→ **BRIEF**: Please copy only the material from the line that has "Veuve de Monsieur Raymond FASTENAKELS" to the very last line, both ends included, exactly as written and without pictures.

→ **GIVEN ENTRIES**:
────────
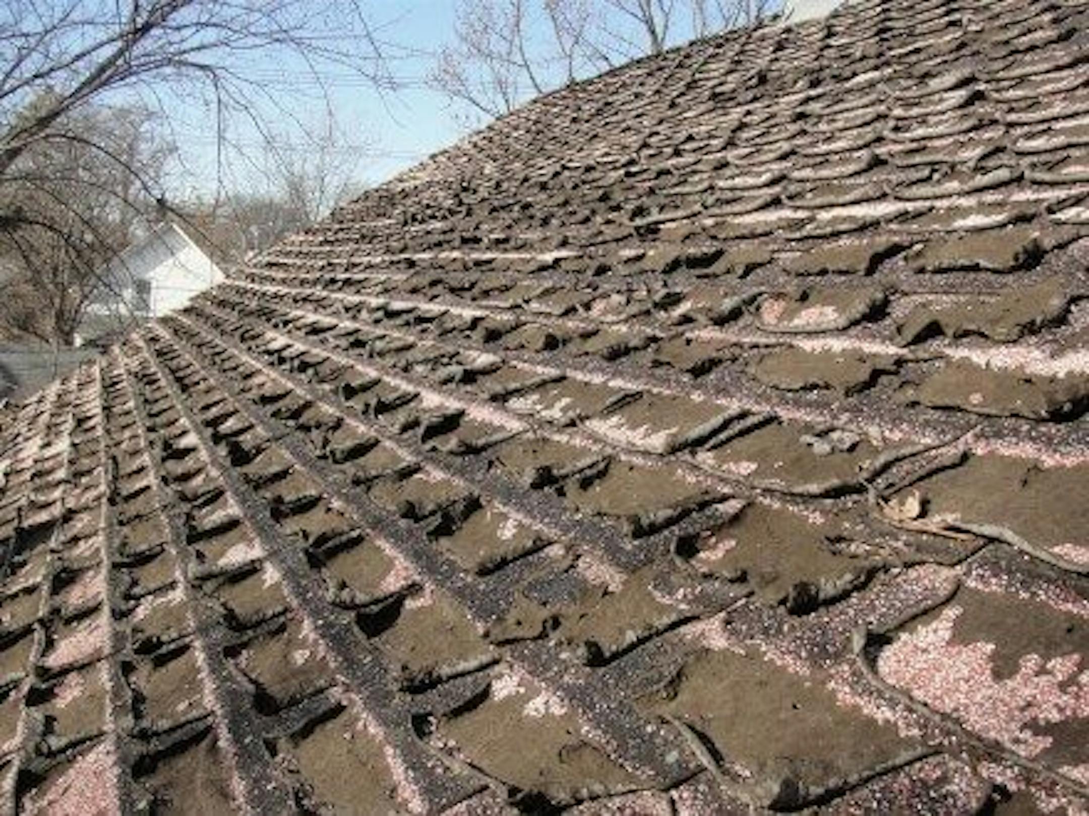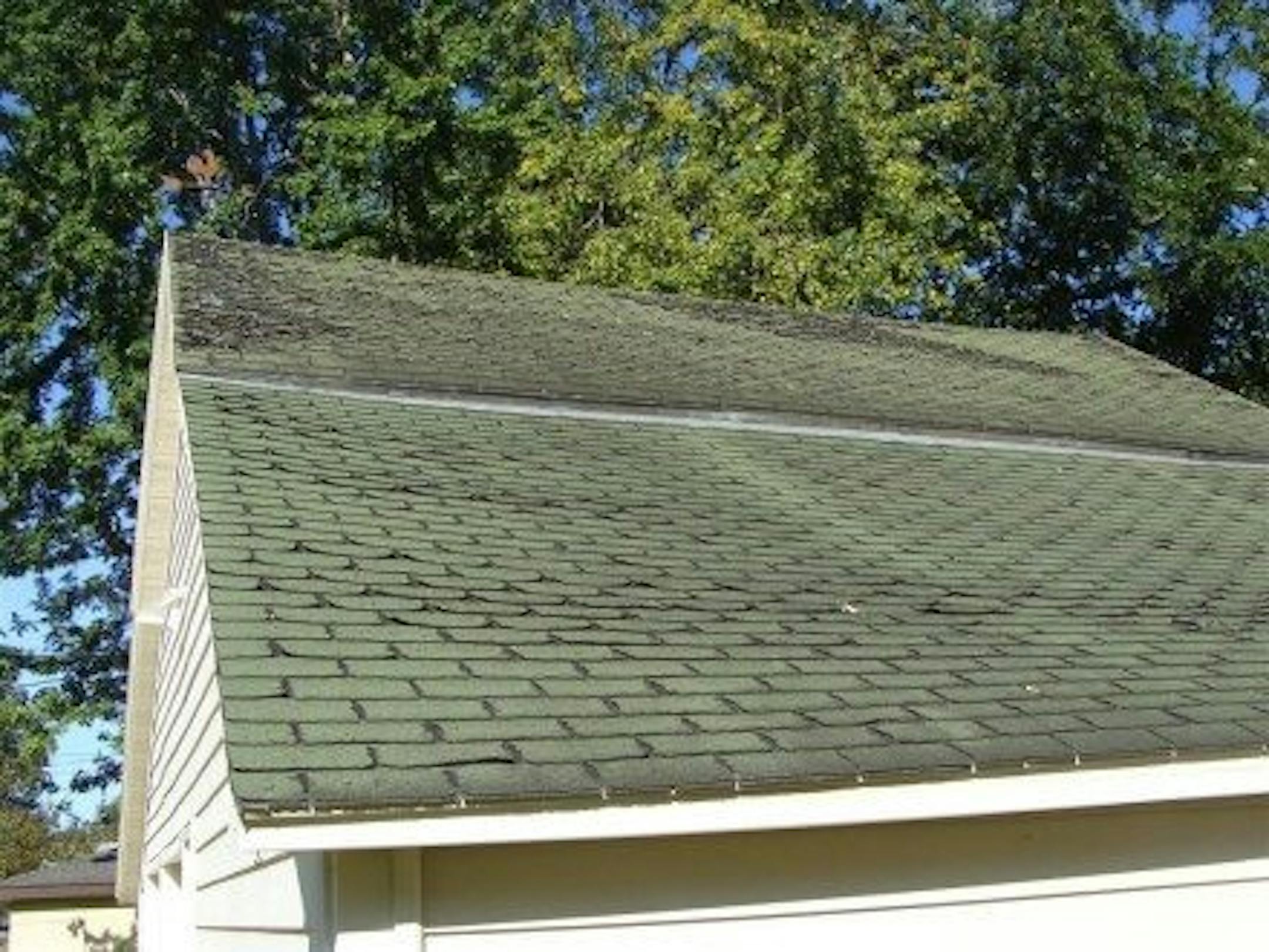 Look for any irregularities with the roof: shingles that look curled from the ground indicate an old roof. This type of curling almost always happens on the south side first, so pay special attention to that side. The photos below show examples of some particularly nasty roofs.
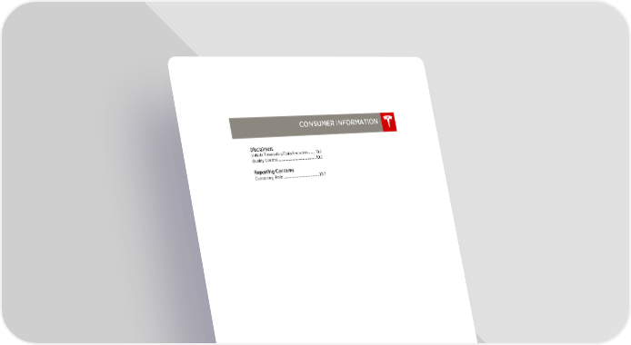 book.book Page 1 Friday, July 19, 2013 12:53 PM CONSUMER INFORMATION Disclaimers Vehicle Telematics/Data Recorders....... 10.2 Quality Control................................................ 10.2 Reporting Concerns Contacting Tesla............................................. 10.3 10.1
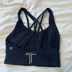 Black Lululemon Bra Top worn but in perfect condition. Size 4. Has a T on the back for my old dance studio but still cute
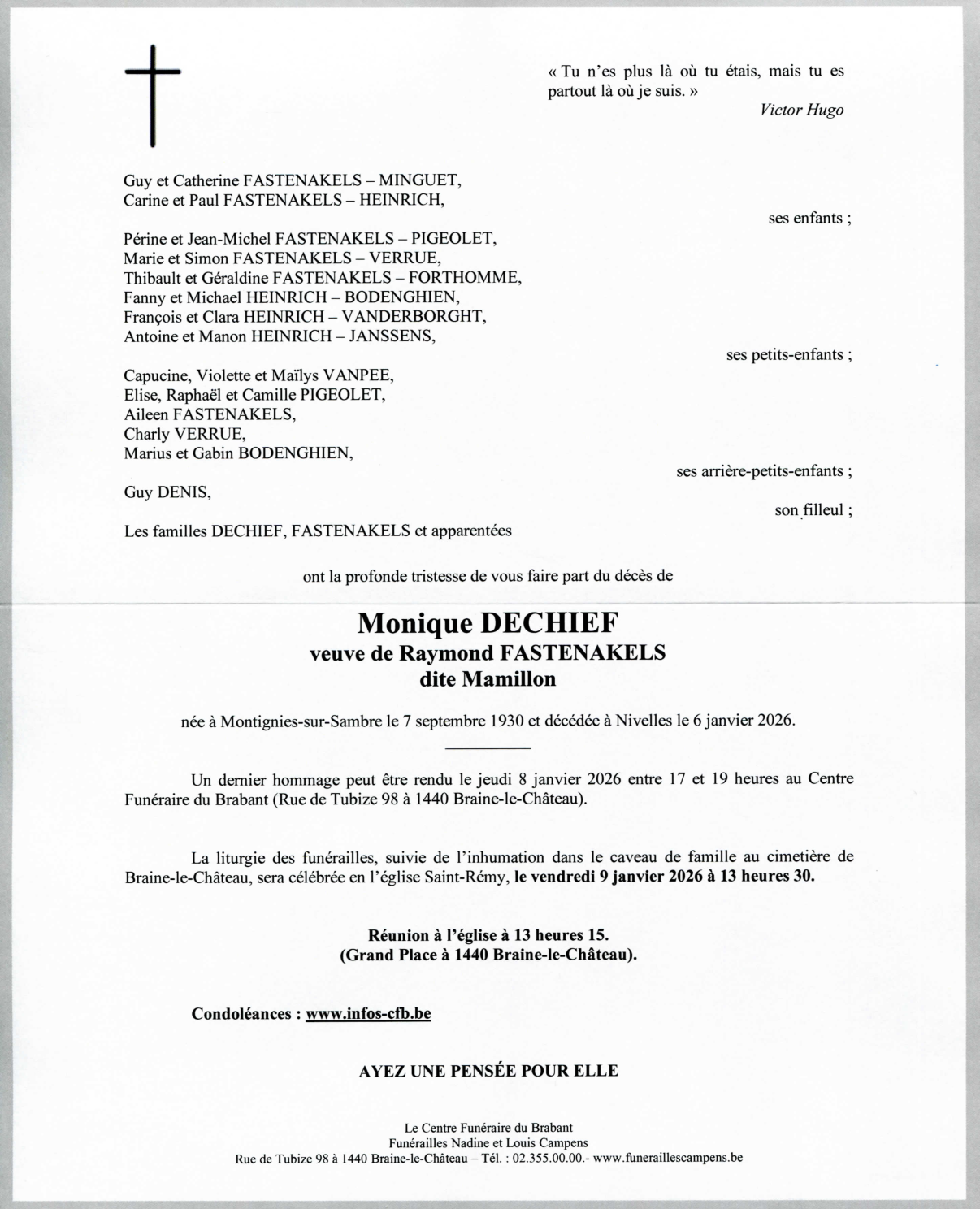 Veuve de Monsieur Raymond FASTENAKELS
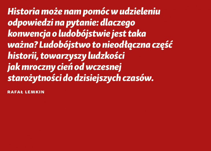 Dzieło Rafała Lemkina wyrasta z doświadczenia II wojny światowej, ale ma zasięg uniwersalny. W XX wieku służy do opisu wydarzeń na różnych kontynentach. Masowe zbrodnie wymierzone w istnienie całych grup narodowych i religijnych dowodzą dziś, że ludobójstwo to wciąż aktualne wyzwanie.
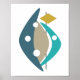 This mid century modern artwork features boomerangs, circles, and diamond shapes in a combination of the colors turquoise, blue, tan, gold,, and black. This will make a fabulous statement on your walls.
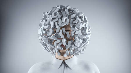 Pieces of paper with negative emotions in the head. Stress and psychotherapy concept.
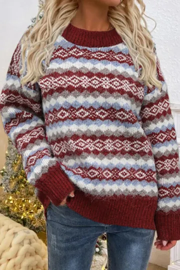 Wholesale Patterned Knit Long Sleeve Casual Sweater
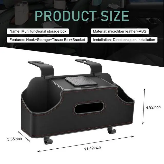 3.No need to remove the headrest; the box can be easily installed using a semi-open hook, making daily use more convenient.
────────
→ **EXERCISE RESPONSE**:
 Veuve de Monsieur Raymond FASTENAKELS
 Dzieło Rafała Lemkina wyrasta z doświadczenia II wojny światowej, ale ma zasięg uniwersalny. W XX wieku służy do opisu wydarzeń na różnych kontynentach. Masowe zbrodnie wymierzone w istnienie całych grup narodowych i religijnych dowodzą dziś, że ludobójstwo to wciąż aktualne wyzwanie.
 This mid century modern artwork features boomerangs, circles, and diamond shapes in a combination of the colors turquoise, blue, tan, gold,, and black. This will make a fabulous statement on your walls.
 Pieces of paper with negative emotions in the head. Stress and psychotherapy concept.
 Wholesale Patterned Knit Long Sleeve Casual Sweater
 3.No need to remove the headrest; the box can be easily installed using a semi-open hook, making daily use more convenient.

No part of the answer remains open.